Calendar calendar = Calendar.getInstance();

As masijade said, this is creating a Calendar instance, and its default is the current date/time.. however, the Calendar object doesn't have an empty constructor like .. JPanel for example

The way to create a Calendar object is to call the STATIC method getInstance() on the Calendar class, this returns back your very own Calendar object you can mess about with

SimpleDateFormat dateFormat = new SimpleDateFormat("dd/MM/yyyy");

This is creating a SimpleDateFormat class, this class is used for parsing java.util.Date into Strings and vica versa .. here, it is using "dd/MM/yyyy"

Check this page for the options, you can show times, AM/PM/24hr, months as numbers, names etc - http://java.sun.com/javase/6/docs/api/java/text/SimpleDateFormat.html

System.out.println("Today: " + dateFormat.format(calendar.getTime()));

and Finally, this System.out.println is printing out the java.util.Date it gets from your calendar object 'getTime()' and makes a string formated as 'dd/MM/yyyy'

On your calendar object, you can also do things like 'calender.get(Calendar.HOUR_OF_DAY)' or 'calendar.add(Calendar.HOUR_OF_DAY, -2)' or 'calendar.set(Calendar.HOUR_OF_DAY, 4)'

(works with all the other options, Calendar.MONTH, Calendar.SECOND etc etc)

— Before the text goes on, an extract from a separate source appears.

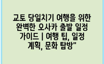 교토 당일치기 여행을 위한 완벽한 오사카 출발 일정 가이드 | 여행 팁, 일정 계획, 문화 탐방 이 글에서는 오사카에서 출발하여 교토를 탐방하는데 필요한 모든 정보를 제공합니다. 더욱이, 교토의 아름다운 문화유산과 …

Its a lovely class really :)

I understand most of that, Just not sure where the actually variable is being stored, If i was to add and minus information off the current date, What is the variable I would be using? Or can i simple create a new one with something like

currentDate = System.out.println("Today: " + dateFormat.format(calendar.getTime()));

And then be using currentDate to manipulate the data?

That piece of code won't compile given that the println method of PrintStream returns void.

Look into some examples which use the Calendar API for adding/subtracting dates/months/years.